Building custom Chromium #1

As an introduction I would like to write about my current task at my current job without spilling any secrets. I am working on an Android client for rather large secure application platform. The project has several levels, but the main idea is that there HTML5 applications at the top. These are run by a custom version of chromium that is linked together with our platform libraries and only communicates with our servers. The whole should be multi-platform, that is why we have clients for the major OSs, and Android is my responsibility.You would think there nothing new in it. Since the existence of WebKit this is becoming a common way to create multi-platform applications. Write the UI in HTML5, the logic in Javascript then run the whole thing with a built-in browser component. The difference with our stuff is that we needed to integrate our library into the lower levels of chromium. For the desktop client we used the CEF project, but that doesn’t exist for Android. Before me they would patch the original chromium source, build it for android and then rename the whole jni-java part of it. But that is a nightmare to maintain so the code was at least 2 years old.

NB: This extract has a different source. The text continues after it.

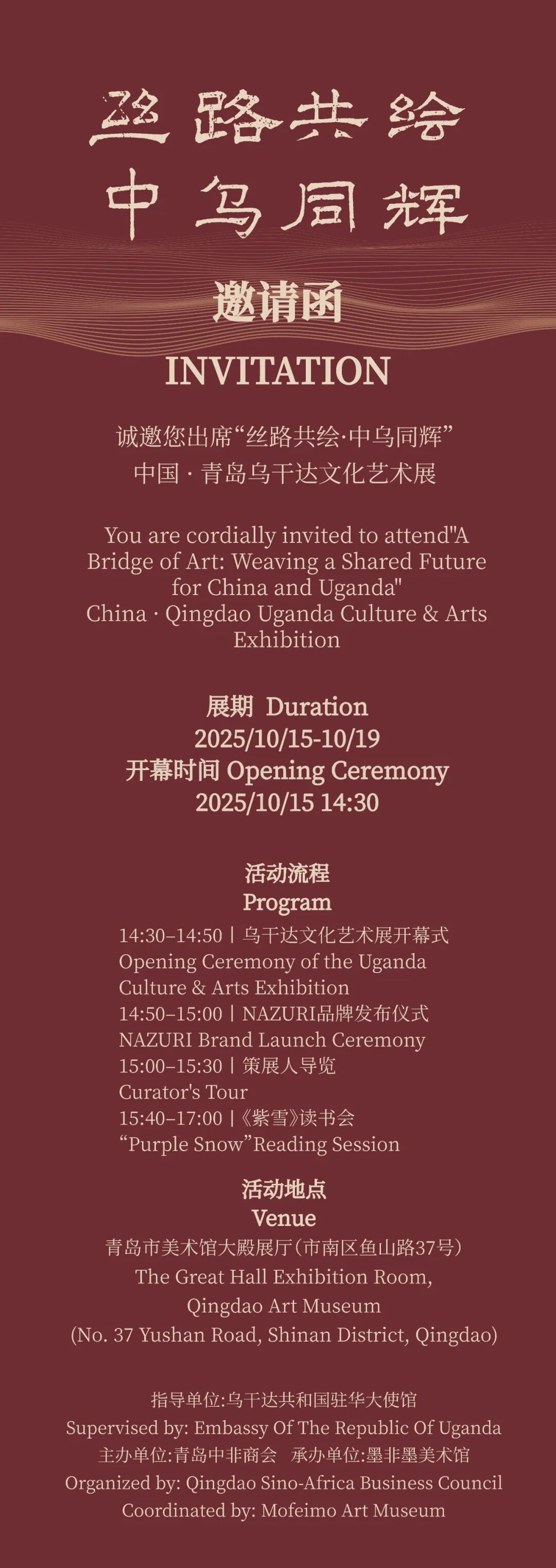 In 2025, it marks the 63rd anniversary of the establishment of diplomatic relations between the People's Republic of China and the Republic of Uganda, and also the 39th anniversary of Qingdao's sister - city relationship with Kampala, the capital of Uganda. In order to thoroughly implement the important instructions of General Secretary Xi Jinping on deepening China - Africa friendly cooperation and serve the new - stage deployment of the 10th anniversary of the Belt and Road Initiative, the Qingdao Sino- Africa Business Councilwill grandly hold the "A Bridge of Art: Weaving a Shared Future for China and Uganda" - China · Qingdao Uganda Cultural &Art Festival at the Qingdao Art Museum from October 15th to 19th, 2025.

I chose the Crosswalk project, which sounded right, because it supports mobile platforms, and they claimed they keep up with the chromium source changes. The problem with the whole project is that it is designed as a plug-n-play tool. If you download their packages, there are convenient tools to create an android app from the ground up and only write HTML5 stuff. It also integrates really well with Cordova, which is a project designed to support web applications on all platforms with an easy-to-use API. It provides access to platform features (for example GPS, Contacts…) for the HTML5 apps. And although we also use Cordova in our web apps, this was not enough for our needs.

I needed to create an android app that can connect to our API through a JNI bridge and I needed to use custom chromium to display/run our webapps. I could reuse our patchfiles from CEF because both of them built on the chromium source but of course I also needed to patch the crosswalk part of the code and build everything on Android which was done just enough that I could have a slight idea of what to do, but far from complete.

The main problem was to configure every element to use the same toolchain, which meant 5 different configuration: OpenSSL, ICU, Boost, CMAKE, GYP/GN. I almost needed to configure scons as well, but luckily the android client didn’t need that library. Some project needed to standalone-toolchain version of the NDK, other needed the whole stuff. In the end I managed to build everything with GCC and linking it against the LLVM C++ library, which seems like a crazy idea, but chromium somehow worked better with that library and our project compiled better with GCC, so I had to compromise. The only price was patching LLVM library in the NDK itself (llvm-gcc bug), apart from the weeks of trying out different configuration options.